The first one was during a dive in my Cave 2 class. We were supposed to swim a line that would eventually make a left turn and end, and we were to jump forward onto the gold line and turn right, further into the cave. The passage was at about 95 feet, and I was diving Nitrox. I was leading. The whole dive was an anxious one, because the line was tied into the ceiling, which made it difficult to watch. When we got to the left turn, the line went on and T'd into the mainline, which was NOT what had been briefed. I sat and looked at it, and I knew it wasn't right, and it didn't feel right, and I didn't want to do it, so I waited a bit to see if anyone would turn the dive on gas. Nobody did, so I swam forward, cookied the intersection, and turned right. At that point, I got an "attention" signal from behind, turned around, and saw that the line had indeed ended, as we were told. What I was following was SOMEONE ELSE'S jump spool line -- they had jumped FROM the mainline to our line, and I had missed the tie-in and the spool altogether. Now, of course, this was a class, so the instructor knew I was being an idiot -- but BOTH of my teammates had looked at the spool (one swam over to look at it) and neither had signaled me. Had we gone on, and had the team that put the spool in taken it out while we were there, we would have been completely confused when we came back. It was Ginnie, and the mainline has no obstructions, so we wouldn't have been in real trouble -- but in another place, we could have been.
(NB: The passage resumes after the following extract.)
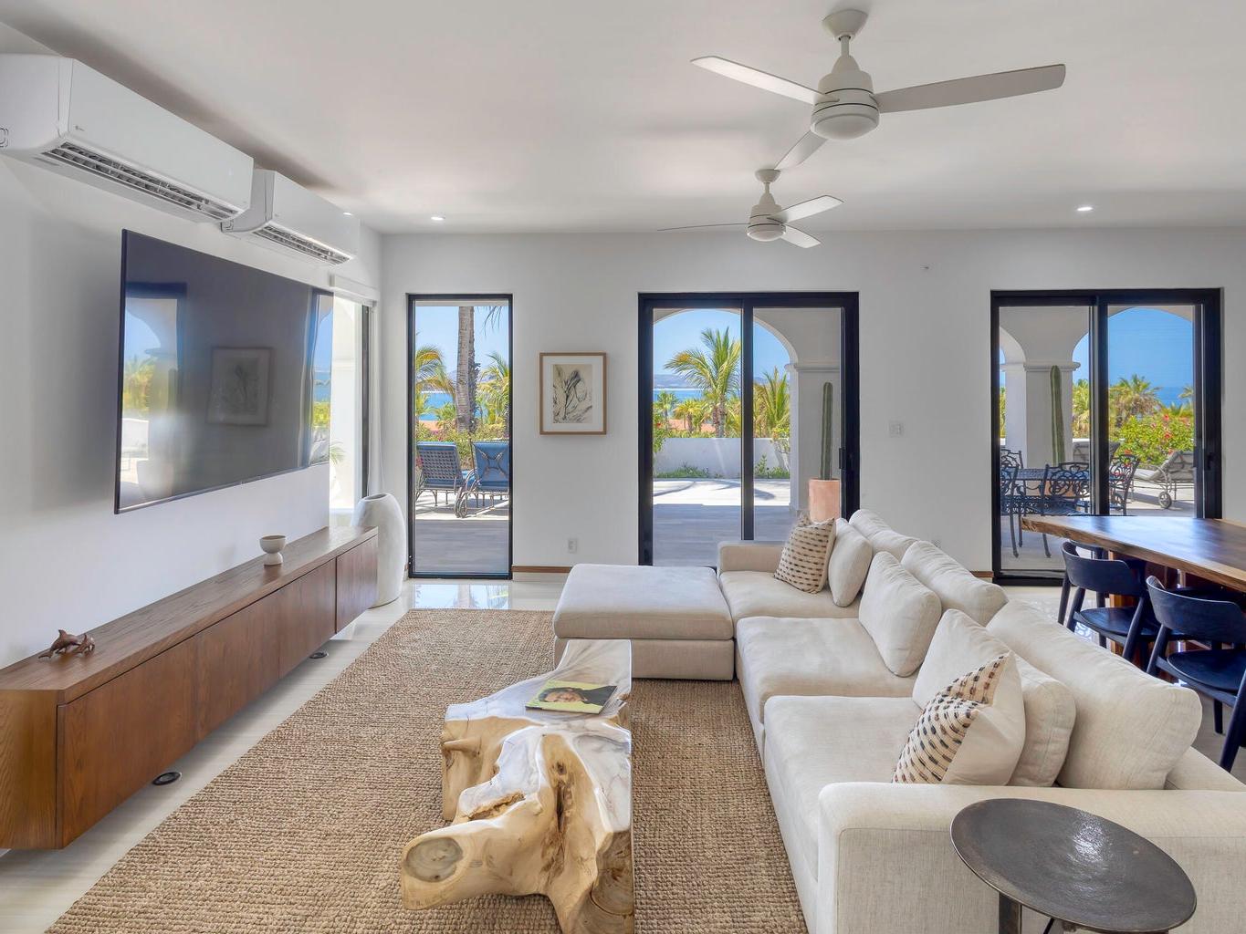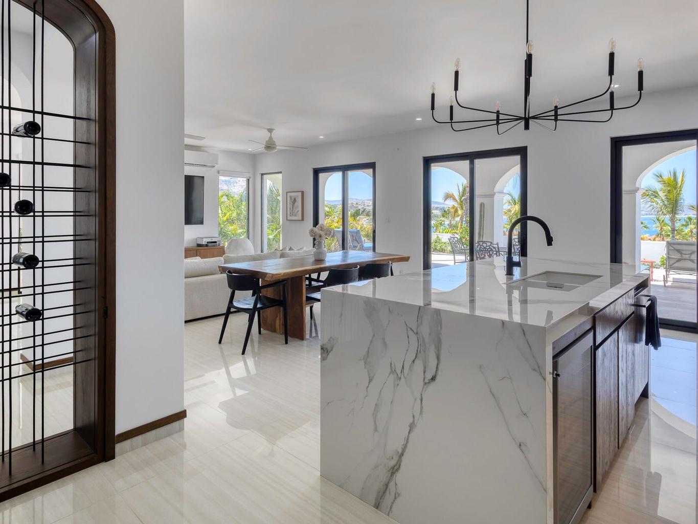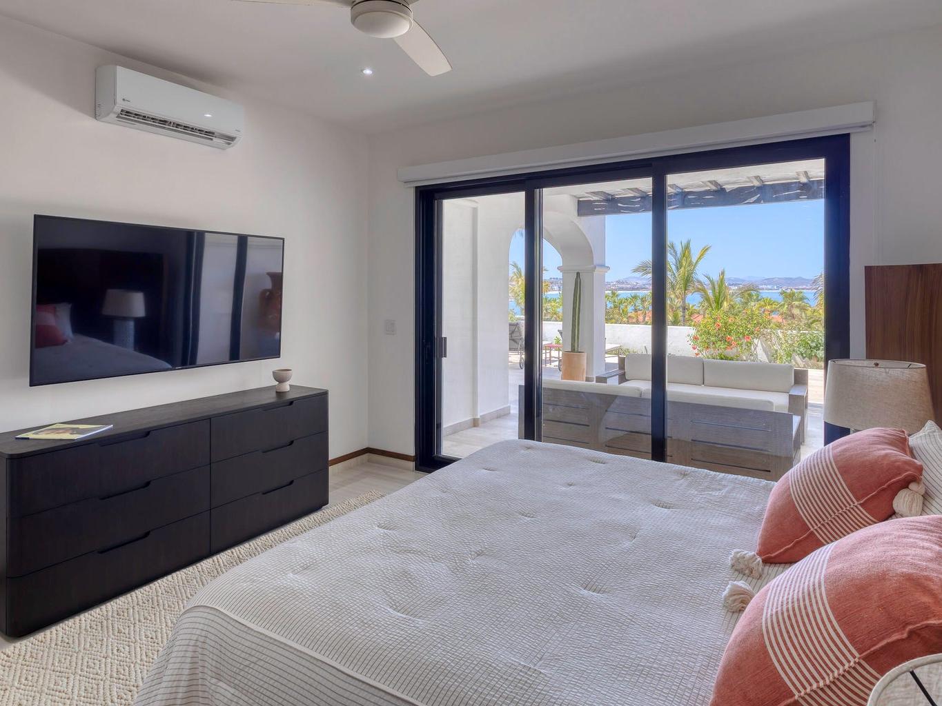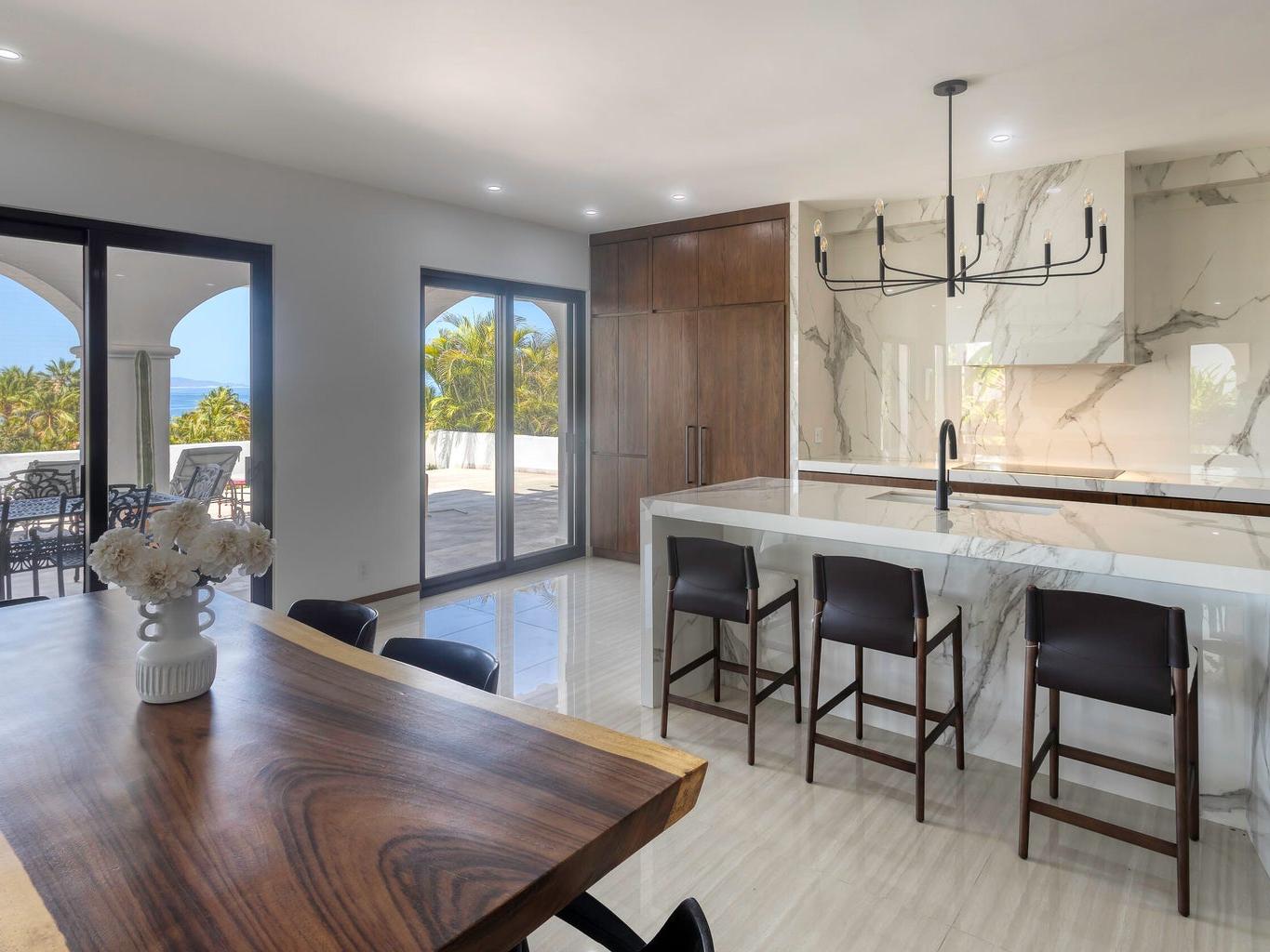 Iconic Palmilla Bay ocean and mountain views from this newly renovated villa. Styled to a high spec and modern palate with attention to detail and comfort being paramount. This three-bedroom, three bath condo is truly sumptuous. An open kitchen living plan overlooks a massive terrace patio with both covered and full sun areas. Third bedroom with a full ensuite bathroom has been seamlessly incorporated for your family and guest comfort. Master suite and bathroom feature an air-conditioned wet room with raised roman bathtub. All this comes with the enviable Palmilla lifestyle a double garage and views sure to please the most discriminating. A full $600,000 renovation has created this sleek modern view home on the ground floor

About six months later, I did a dive in Jailhouse in Mexico. This was a path we hadn't previously taken, briefed by the guy at the dive shop, and would send us into a deeper passage than we normally dive there. But since the max depth briefed was 85 feet, I thought it was okay. We were again on Nitrox. Instructions were to take a jump that would go down and eventually come to a T, at which we were to turn right. I was leading. We put the jump in, went down, and swam along. It got deeper than briefed, again to about 95 feet, where I swam up to a weird place where the line was tied to the wall. There was an arrow (pointing out, I did verify that), then a tie-in on the wall, and about twelve inches away, ANOTHER tie-in, and then the line went off to the right. I looked at it and thought, "Huh, that's weird. Why would somebody tie the line of twice on the wall like that?" I turned right and went about my dive . . . until my husband's "attention" signal brought me back to see I had just swum past the T we had been warned to watch for.
Both incidents had the same quality -- a "Huh?" reaction, and a feeling that something wasn't quite right, but no ability at all to think it through.
I don't go to 100 feet on Nitrox in caves any more. Those two incidents scared the stuffing out of me.